Daughters, Sons, or Pupils: Representations of Children in the Labor Activism of Child Care Workers

Friday, January 6, 2023: 1:30 PM
Washington Room C (Loews Philadelphia Hotel)
Justine Modica, Stanford University
In the late twentieth century United States, as women's participation in the waged workforce expanded dramatically across race and class, the child care workforce expanded in tandem. Overwhelmingly women and grossly underpaid, child care workers fought an unfinished, multi-decade campaign to educate the public about the social and economic value of their labor. The goal of the campaign was to convince policymakers to devote more funds to child care, both to expand child care access and sustain the profession through improved compensation.

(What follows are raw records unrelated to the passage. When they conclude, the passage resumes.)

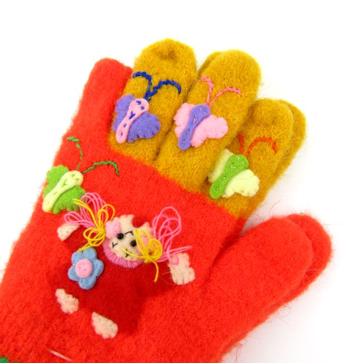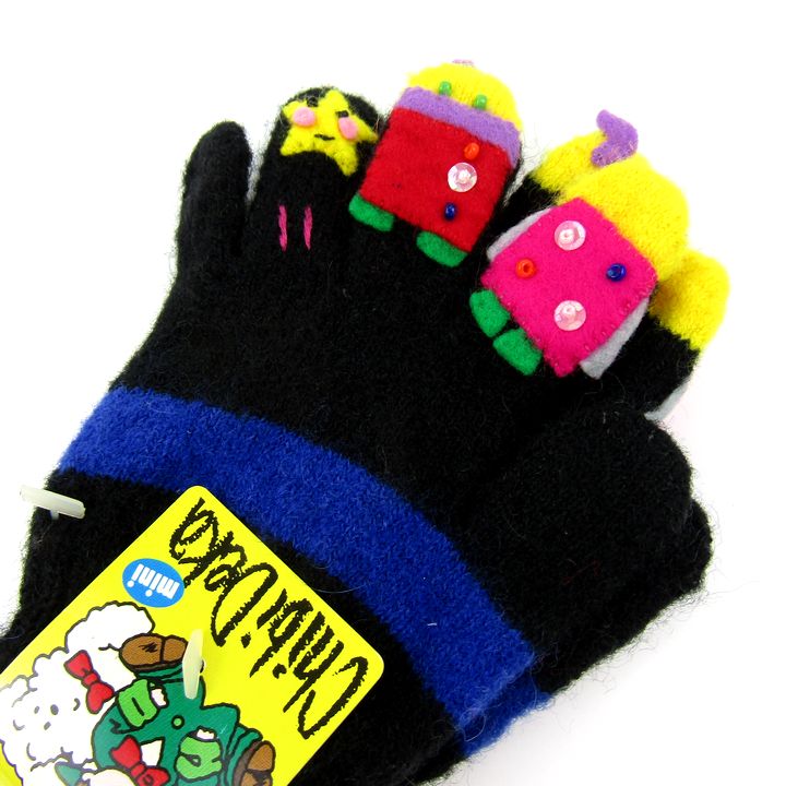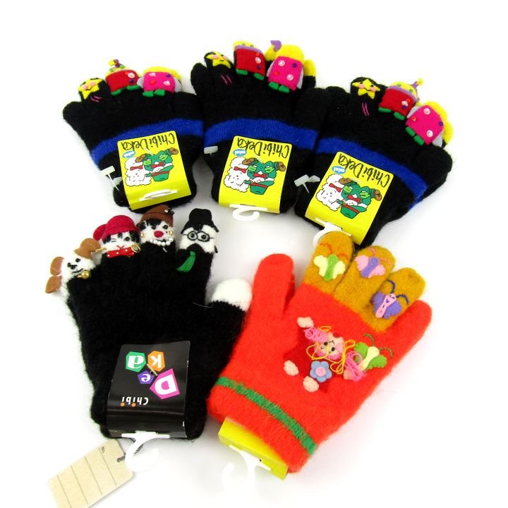 chibi deka他 指人形手袋 5点セット 未使用 ファミリー 蝶々など 刺繍 雑貨 まとめて 大量 子供用 キッズ 女の子用 glove 【中古】
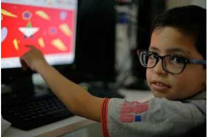 | Một cậu bé Syria tị nạn chỉ lá cờ Syria mà em vẽ khi tham gia một lớp vi tính vào ngày 19/6/2014 tại Trung tâm di cư Caritas tại Dahr El Ain, gần Tripoli. Ảnh: Matthieu Alexandre, Caritas Quốc tế |
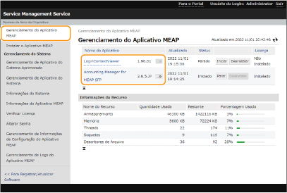 Clique em [MEAP Application Management] e clique no aplicativo cuja licença deseja gerenciar.

Beginning in the 1970s and 1980s, but focusing on the 1990s, this paper explores the ways that child care compensation activists deployed images, songs, artistic depictions, and other cultural representations of children to convince the public of the need for improved child care worker compensation. By placing children at the center of their labor activism, child care workers publicly depicted the link between worker compensation and quality of care. Workers in Washington state, for example, crafted life-size models of children and carried them to the state capitol as reminders that not just workers would benefit from wage improvements, children would as well. At rallies, they distributed buttons emblazoned with the phrase, "I'm not a babysitter, I haven't sat on a baby yet!". Exploring the folk expressions of child care labor activists, this paper examines questions of how child care workers understood the labor of waged care vis à vis motherhood and unwaged care. I argue that centering representations of children was more than a political strategy, it also expressed workers' concerns about their labor futures. Examining these images alongside each other also reveals tensions between different articulations of skill in care work, between those that linked child care with the informal realm of mothering and those that linked child care with the formal realm of education.